- _Action item_
Every line from the beginning of the records below up to the one holding "HDS: Pileozystiden vorhanden, zylindrisch, leicht" should be quoted exactly; leave out the rest.
----- Data -----
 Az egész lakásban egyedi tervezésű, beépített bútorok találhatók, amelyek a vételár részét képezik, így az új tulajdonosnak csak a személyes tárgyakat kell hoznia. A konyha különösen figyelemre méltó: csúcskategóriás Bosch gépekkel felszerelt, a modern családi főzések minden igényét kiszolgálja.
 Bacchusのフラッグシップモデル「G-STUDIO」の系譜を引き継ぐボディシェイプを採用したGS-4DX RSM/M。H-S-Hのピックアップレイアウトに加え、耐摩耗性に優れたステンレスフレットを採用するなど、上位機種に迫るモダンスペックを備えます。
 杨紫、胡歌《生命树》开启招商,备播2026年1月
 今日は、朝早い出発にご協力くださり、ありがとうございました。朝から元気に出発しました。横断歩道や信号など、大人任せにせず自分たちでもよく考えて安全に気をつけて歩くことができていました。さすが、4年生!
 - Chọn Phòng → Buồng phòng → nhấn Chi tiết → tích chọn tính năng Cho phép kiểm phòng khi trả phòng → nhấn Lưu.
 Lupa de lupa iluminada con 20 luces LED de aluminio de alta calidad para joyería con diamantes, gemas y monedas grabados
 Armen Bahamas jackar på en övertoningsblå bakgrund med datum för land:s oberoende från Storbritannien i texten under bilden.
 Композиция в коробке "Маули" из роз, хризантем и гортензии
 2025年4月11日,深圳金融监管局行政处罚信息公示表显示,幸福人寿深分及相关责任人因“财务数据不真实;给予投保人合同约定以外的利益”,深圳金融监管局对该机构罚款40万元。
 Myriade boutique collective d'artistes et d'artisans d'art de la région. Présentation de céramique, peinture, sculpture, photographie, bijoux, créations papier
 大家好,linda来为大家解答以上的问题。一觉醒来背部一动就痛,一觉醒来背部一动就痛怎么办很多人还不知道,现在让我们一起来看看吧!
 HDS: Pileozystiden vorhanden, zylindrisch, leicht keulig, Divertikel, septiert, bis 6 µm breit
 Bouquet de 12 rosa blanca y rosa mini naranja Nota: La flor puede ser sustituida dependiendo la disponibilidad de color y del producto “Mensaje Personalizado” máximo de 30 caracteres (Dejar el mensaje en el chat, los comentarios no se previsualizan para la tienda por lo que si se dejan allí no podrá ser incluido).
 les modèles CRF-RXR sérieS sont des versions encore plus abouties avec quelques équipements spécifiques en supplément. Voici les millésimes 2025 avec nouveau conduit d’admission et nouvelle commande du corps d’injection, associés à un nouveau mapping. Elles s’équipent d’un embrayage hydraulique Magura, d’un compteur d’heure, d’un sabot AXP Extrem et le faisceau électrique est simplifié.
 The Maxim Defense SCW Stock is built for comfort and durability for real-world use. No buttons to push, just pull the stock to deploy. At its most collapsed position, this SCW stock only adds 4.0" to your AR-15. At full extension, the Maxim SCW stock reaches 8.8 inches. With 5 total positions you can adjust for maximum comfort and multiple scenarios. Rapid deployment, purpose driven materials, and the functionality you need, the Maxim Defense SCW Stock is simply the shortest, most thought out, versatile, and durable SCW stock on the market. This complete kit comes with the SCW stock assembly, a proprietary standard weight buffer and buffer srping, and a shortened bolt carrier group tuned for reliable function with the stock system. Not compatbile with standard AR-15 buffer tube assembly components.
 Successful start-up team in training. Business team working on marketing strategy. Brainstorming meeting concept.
-----
- _Task answer_
 Az egész lakásban egyedi tervezésű, beépített bútorok találhatók, amelyek a vételár részét képezik, így az új tulajdonosnak csak a személyes tárgyakat kell hoznia. A konyha különösen figyelemre méltó: csúcskategóriás Bosch gépekkel felszerelt, a modern családi főzések minden igényét kiszolgálja.
 Bacchusのフラッグシップモデル「G-STUDIO」の系譜を引き継ぐボディシェイプを採用したGS-4DX RSM/M。H-S-Hのピックアップレイアウトに加え、耐摩耗性に優れたステンレスフレットを採用するなど、上位機種に迫るモダンスペックを備えます。
 杨紫、胡歌《生命树》开启招商,备播2026年1月
 今日は、朝早い出発にご協力くださり、ありがとうございました。朝から元気に出発しました。横断歩道や信号など、大人任せにせず自分たちでもよく考えて安全に気をつけて歩くことができていました。さすが、4年生!
 - Chọn Phòng → Buồng phòng → nhấn Chi tiết → tích chọn tính năng Cho phép kiểm phòng khi trả phòng → nhấn Lưu.
 Lupa de lupa iluminada con 20 luces LED de aluminio de alta calidad para joyería con diamantes, gemas y monedas grabados
 Armen Bahamas jackar på en övertoningsblå bakgrund med datum för land:s oberoende från Storbritannien i texten under bilden.
 Композиция в коробке "Маули" из роз, хризантем и гортензии
 2025年4月11日,深圳金融监管局行政处罚信息公示表显示,幸福人寿深分及相关责任人因“财务数据不真实;给予投保人合同约定以外的利益”,深圳金融监管局对该机构罚款40万元。
 Myriade boutique collective d'artistes et d'artisans d'art de la région. Présentation de céramique, peinture, sculpture, photographie, bijoux, créations papier
 大家好,linda来为大家解答以上的问题。一觉醒来背部一动就痛,一觉醒来背部一动就痛怎么办很多人还不知道,现在让我们一起来看看吧!
 HDS: Pileozystiden vorhanden, zylindrisch, leicht keulig, Divertikel, septiert, bis 6 µm breit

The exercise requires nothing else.